From the histograms, we see two effects of interest.
- As sample size increases, the histograms grow narrower, more closely concentrated around the population proportion of 0.4. This reflects greater precision of sample estimates with increased sample size.
- As sample size increases, the histograms become increasingly more bell-shaped, like a normal distribution (as illustrated below by the green normal curve superimposed over the last histogram from the series above).
The tendency of a sampling distribution to approximate a normal distribution has implications for statistical anaysis. When the approximation is sufficiently close, we can use the normal distribution to test hypotheses about proportions and to express confidence intervals around proportions – things you will learn to do in future lessons. For now, let's just answer the question: Under what conditions can we safely assume the sampling distribution of a proportion will be approximately normal in shape?
When is Distribution Normal?
It is safe to assume that the shape of the sampling distribution for a proportion will be approximately normal when the following conditions are true:
- Population size (N) is at least 10 times sample size (n).
- The sampling method is simple random sampling.
- n * p ≥ 10, where p is the sample proportion.
- n * (1 - p) ≥ 10.
Note: When the sample proportion p equals 0.5, the last two conditions require that at least 20 observations be sampled from a population for the sampling distribution to be approximatley normal. When the sample proportion p is more extreme than 0.5, more observations are required.
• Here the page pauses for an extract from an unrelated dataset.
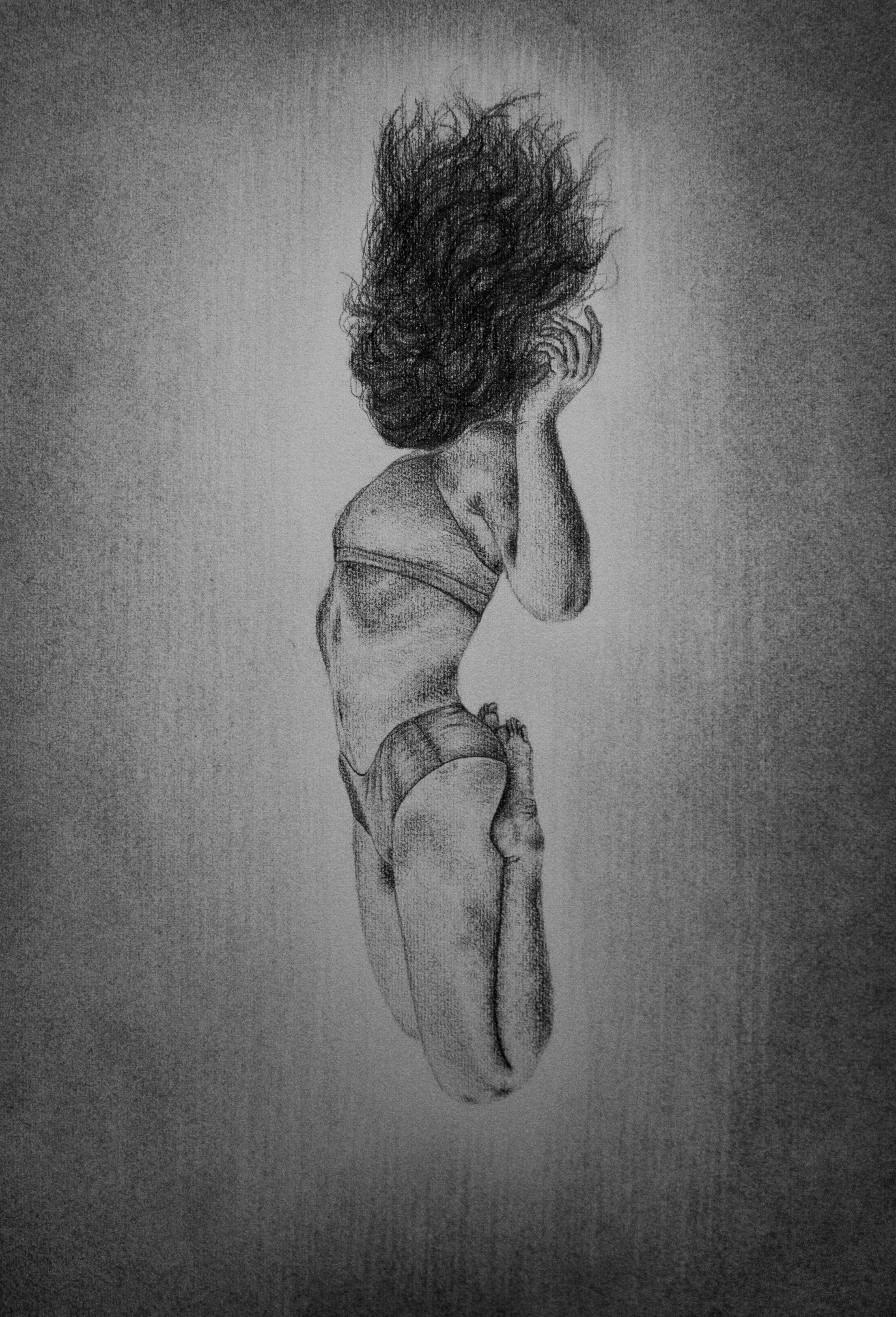 A black and white drawing of a person with long, wavy hair laying with their elbows bent and hands by their head and knees bent so their legs lay under them. The person is wearing a bra and underwear and we cannot see their face as it is covered with their wavy hair. The image is turned sideways so the person appears as though they are falling. The sides of the image are shaded in a vignette so the lightest part is around the person.

Standard Deviation of the Sampling Distribution
In a population of size N, suppose that each element can be characterized as a "success" or a "failure". The proportion of successes in the population is P; and the proportion of failures is Q. From this population, suppose that we draw all possible simple random samples of size n. And finally, within each sample, suppose that we determine the proportion of successes p and failures q. In this way, we create a sampling distribution of the proportion.
The standard deviation of the sampling distribution (σp) is determined by the population proportion P, the population size N, and the sample size n, as shown below:
σp = sqrt[ PQ/n ] * sqrt[ (N - n ) / (N - 1) ]
where
Q = 1 - P
When the population size is very large relative to the sample size, the standard deviation formula can be approximated by:
σp = sqrt[ PQ/n ] = sqrt[ P*(1-P)/n ]
You often see this "approximate" formula in introductory statistics texts. As a general rule, it is safe to use the approximate formula when the sample size is no bigger than 1/20 of the population size.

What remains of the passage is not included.